Cryopreservation and storage of parathyroid tissues are costly, and these costs are not covered by health insurance in Germany. Furthermore, cryopreservation requires a complex infrastructure to maintain a good quality of tissue preservation. Our data underline a very low risk of 1.3 % of developing persistent hypocalcemia after initial surgery with simultaneous autotransplantation. The risk seems to be highest among patients with suspected incomplete resections and in those who undergo cervical reoperations or total parathyroidectomy without simultaneous autotransplantation. At least in the latter scenarios, cryopreservation of parathyroid tissue seems to be indispensable. From an economic point of view, the necessity to cryopreserve parathyroid tissue in all patients undergoing parathyroidectomy for rHPT seems to be questionable.

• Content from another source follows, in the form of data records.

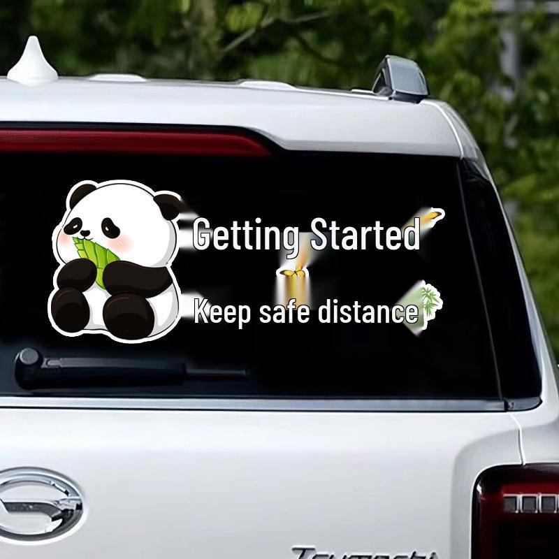Panda Cartoon Reflective Warning Sticker: 'New Driver, Keep Distance' – Waterproof Rear Windshield Decal
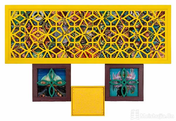 然而,李青也深知,這一切都離不開歷史……“當代”與歷史之間的張力,正是我們理解并應對這個不斷變異的世界的關鍵。因此,他引入了諸如從拆毀的建筑(包括“農家釘子戶”)中收集來的舊窗框等“歷史遺跡”,使其成為他繪畫的骨架,即建筑框架,進而將其延伸至他的裝置作品中,這些裝置作品往往也成為了“建筑”。反過來,這些“建筑創作”的嘗試也讓他的繪畫作品趨于“建筑化”。如今,這些作品被重新構建,框架交疊,不同的場景和圖像相互重疊,形成由互不相連的元素——建筑圖像、人物形象……組成的拼貼。然而,經過“社交媒體”的過濾,它們不再是現實世界的圖像;相反,它們成為了藝術家受雅克·拉康理論啟發所認定的“他者的欲望”的符號。[1]
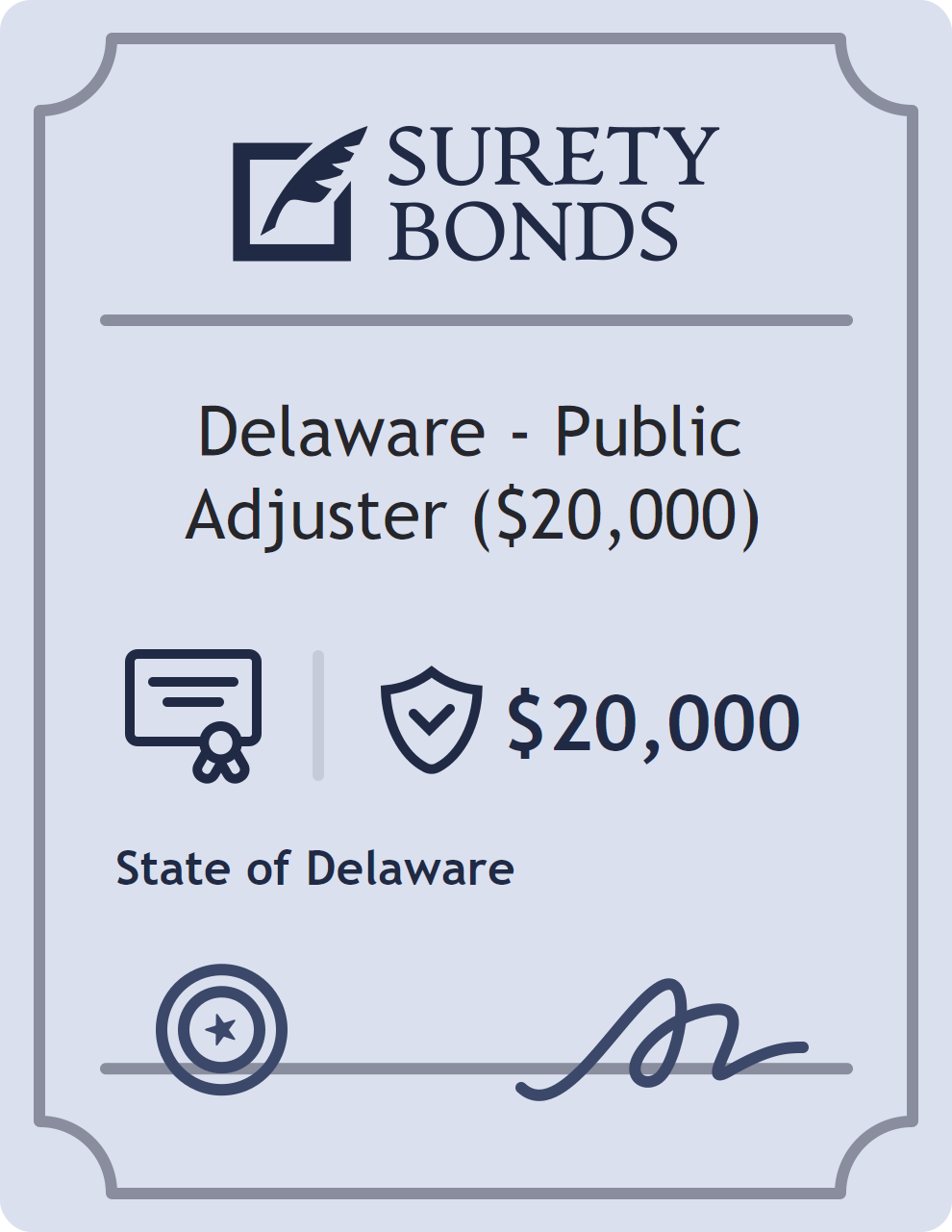The Delaware – Public Adjuster ($20,000) is classified as a Professional License Bonds with a $20,000 obligation in Delaware. Professional License Bonds are surety bonds required for licensed professionals across various industries. They guarantee compliance with licensing laws and ethical standards, protecting clients and regulatory bodies from harm. The surety reviews financial strength, compliance history, and indemnity support before approving the obligation. Maintaining uninterrupted coverage for the entire 1 Year term is essential; lapses can trigger penalties, contract defaults, or license suspension in Delaware. Underwriters typically request financial statements, references, and proof of licensing before quoting terms so they can evaluate repayment capacity. Throughout the bond term, the principal must maintain accurate books, respond to regulator inquiries, and remediate any complaints to prevent a claim. Many authorities in Delaware also require renewal certificates 30 to 60 days in advance, and failure to provide proof can halt permitting or bid submissions. The $20,000 limit demonstrates to customers, partners, and oversight agencies that the bonded party maintains a reliable, surety-backed source of funds dedicated to ongoing compliance. The obligee for this bond is State of Delaware.
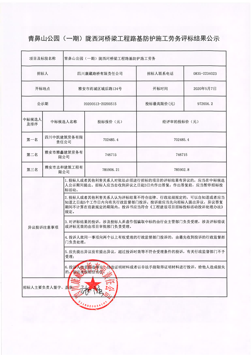 四川康藏路橋有限責(zé)任公司青鼻山公園(一期)隴西河橋梁工程路基防護(hù)施工勞務(wù)評(píng)標(biāo)結(jié)果公示
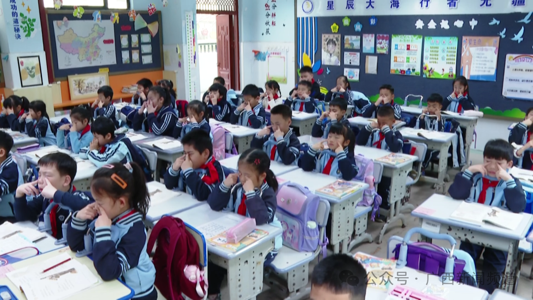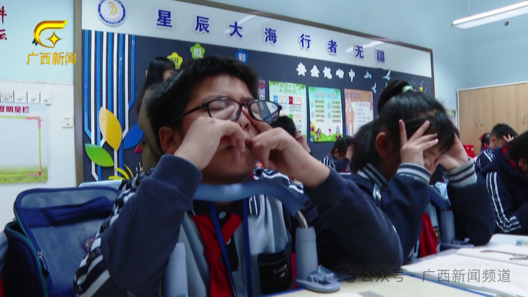 南宁市五象新区第一实验小学自2016年建校起,就把近视防控工作作为学生日常行为规范的主要抓手之一,80个班级里,每班都有一名近视防控宣讲员,孩子们对近视形成的原理、如何预防近视、什么样的光线适合用眼卫生等知识了如指掌。
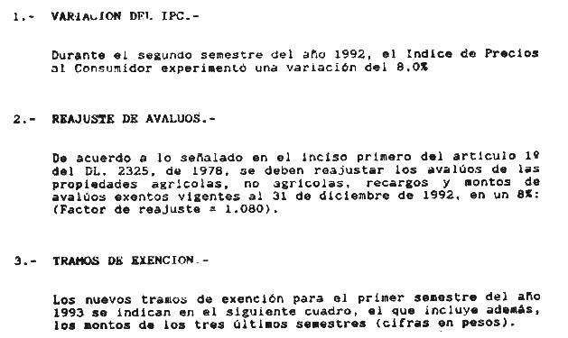 MATERIA: REAJUSTE AVALÚO BIENES RAÍCES PRIMER SEMESTRE DE 1993.
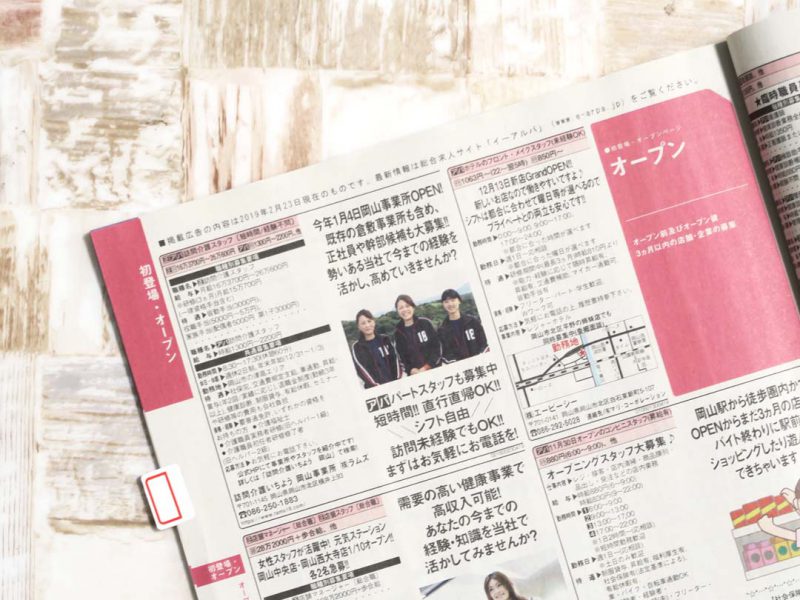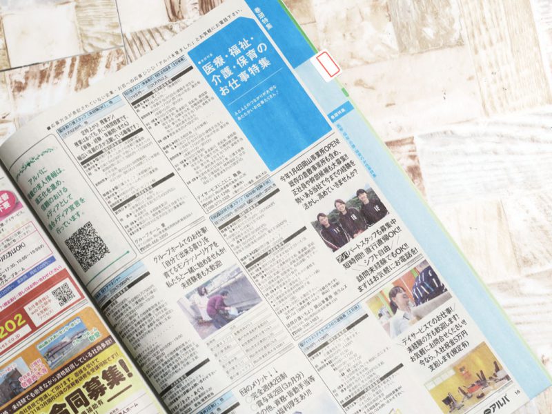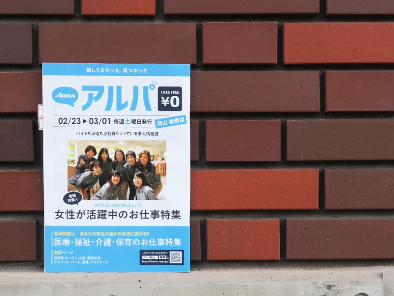 春からの新生活を目指している方も多い時期ですので、求人雑誌のアルパに求人情報を掲載して頂いています。

Nevertheless, one has to consider that persistent hypoparathyroidism can be life-threatening and, without having cryopreserved parathyroid tissue “up one’s sleeve,” it is difficult to treat. The only substitute parathyroid hormone available so far (Teriparatide) needs to be applied subcutaneously and is accredited only for osteoporosis [31, 32]. If nasally applicable PTH [33, 34] were available, it would alter the necessity to cryopreserve at all, and may have an influence on the autotransplantation process as well.

Conclusions

Because of the lack of reliable factors in predicting postoperative hypoparathyroidism, cryopreservation of parathyroid tissue would be desirable in any patient undergoing parathyroid surgery. In view of institutional costs and economic concerns, cryopreservation for all patients may not be realistic; it should, however, be performed at least in patients with suspected incomplete resections, patients undergoing reoperation, and patients who receive a total parathyroidectomy without autotransplantation.

The benefit for patients with permanent postoperative hypoparathyroidism mainly consists of avoidance of lifelong supplemental treatment and, possibly, prevention of adynamic bone disease. Good techniques of freezing and thawing as well as an elaborated preoperative analysis and selection of the tissue are essential for successful replantation. The functionality and viability of parathyroid tissue after more than two years of cryopreservation has to be evaluated in further cellular studies.